Part 2: Plate Detection

It’s easy for us to identify a license plate – it’s obviously the rectangular thing on the bumper of a vehicle that contains numbers and letters. But to a camera, there might be numerous other rectangular things in the camera’s field of view that contain numbers and letters. Bumper stickers and street signs, for example. How does a camera distinguish a license plate from the surrounding environment? To do this, an LPR camera relies on certain tools. Let’s take a look at a few of the tools featured in TagMaster North America’s CS camera line.

Plate Localization/Vehicle Motion Detection (VMD)

Of course, an LPR camera’s first task is finding the plate. Many cameras are unable to identify license plates without the use of presence detection to trigger the read. This requires the installation of a ground loop. However, TagMaster North America’s LPR software and processing onboard our intelligent LPR cameras boast a feature called plate localization through vehicle motion detection, or VMD. With this feature, the LPR camera will begin reading the plate when it detects the motion of a vehicle, without requiring additional infrastructure costs in cutting additional ground loops.

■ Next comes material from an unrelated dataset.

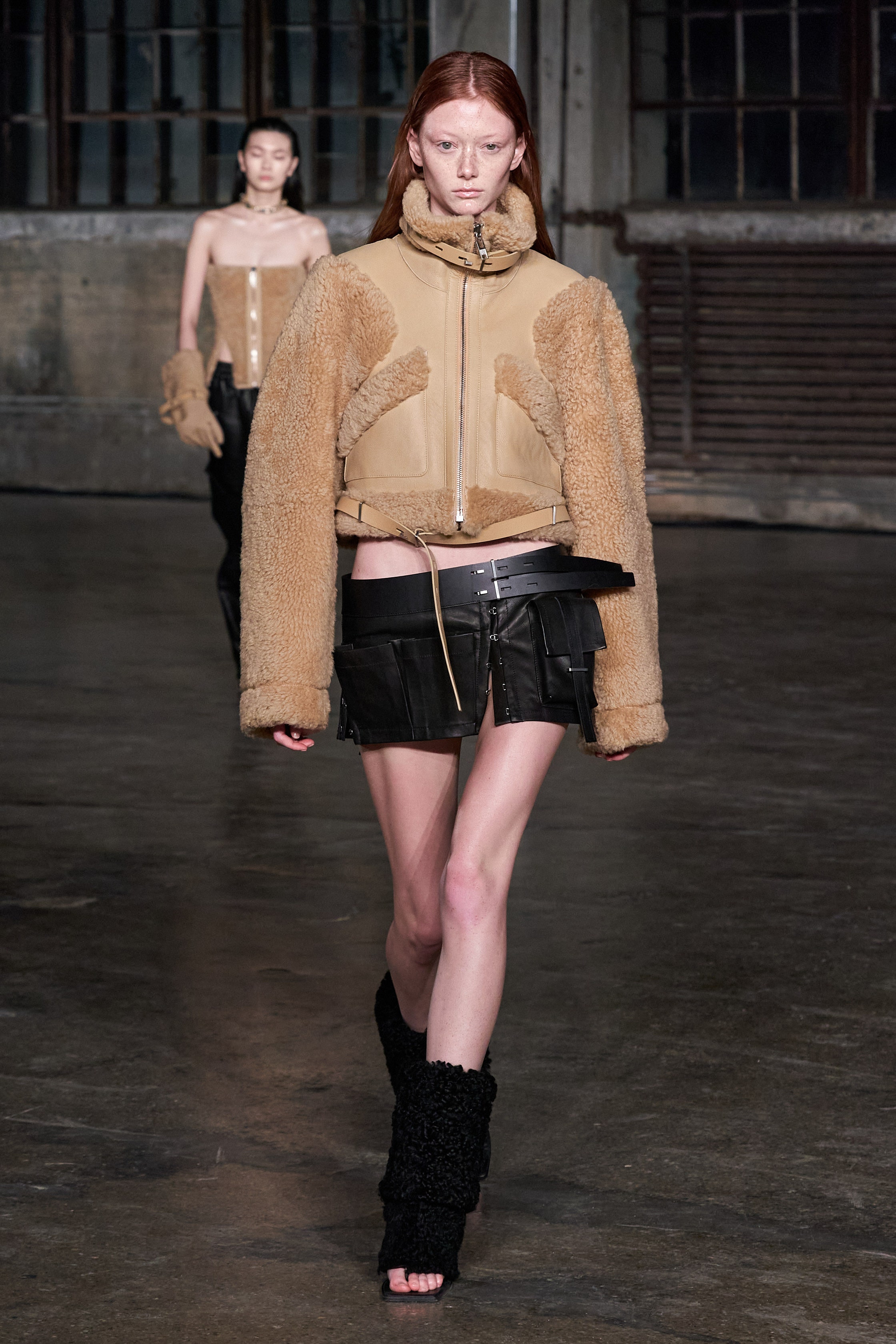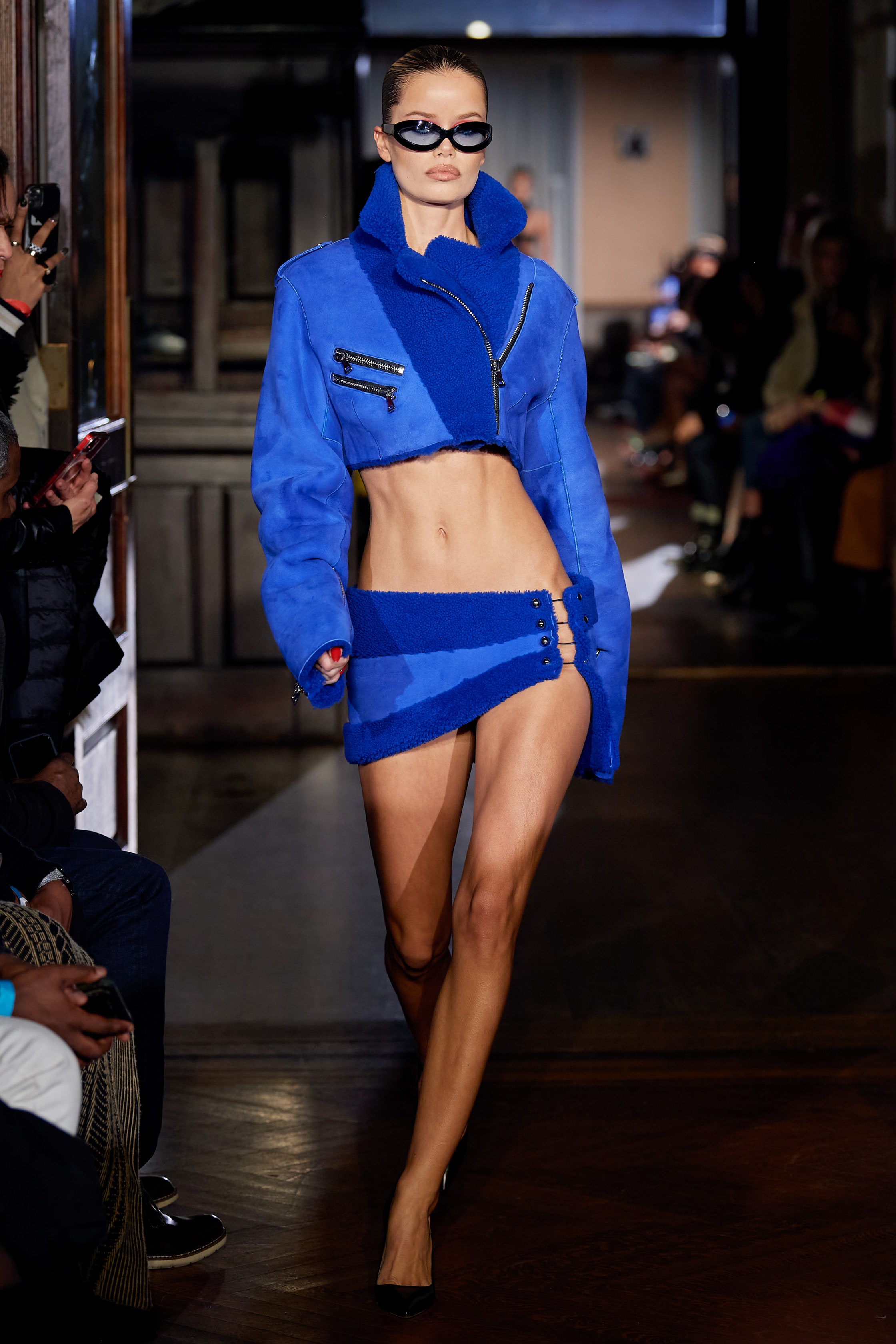 来自纽约的LaQuan Smith也做有类似Miu Miu露脐装的造型,但设计师采用大面积蓝色绒面料和皮面拼接,同时选择搭配拉链和环扣细节来营造出酷劲。而Dion Lee也选择了在上装拼接元素,但在裙装上通过加入口袋元素,来带出街头风格。

With plate localization, when a vehicle drives into the operator-defined field-of-view, the camera detects the plate based on three things: the plate’s size, its shape, and its reflectivity. In addition to eliminating the need to cut additional ground loops, this feature means the camera is always scanning the environment for valid plate reads according to the directionality and distance configured for the specific site. This increases the accuracy with which license plates are recorded, and it also means license plates that do not already exist in the camera’s database (meaning the camera is not pre-programmed to recognize that particular string of characters) will still be recorded.

Character Segmentation

Once an LPR camera detects a license plate, the next step is to detect the characters the plate contains. Character segmentation is a feature of TagMaster NA’s LPR software and processing onboard our intelligent LPR cameras that allows them to isolate each character on the license plate. Isolating each character means the camera can identify and process each character individually, based on its state-prioritized syntax and the extensive OCR library (their inventory of recognized characters – read more about OCR here). This feature optimizes the accuracy with which your TagMaster NA LPR solution records each license plate ID.

DeSkewing

Vehicles drive into lots and garages at different speeds, angles and heights. This means that when a camera identifies a license plate, that plate might be at a slightly different angle than the one before it, which causes the license plate characters to look skewed. This can present an additional challenge for LPR cameras when they’re trying to match license plate characters to the characters stored in their OCR library. As you can imagine, a skewed M, for example, will look different than an M that is viewed head-on

TagMaster NA’s intelligent LPR cameras use onboard processing (in conjunction with our JetManagementSuite (JMS) software or a third party access control panel) to accommodate these angle and height discrepancies with the deskewing feature. With deskewing, the LPR camera is able to apply its algorithm to digitally “right” the license plate angle before segmenting and processing the characters. And all of these digital adjustments happen quickly enough to capture moving license plates with optimal accuracy.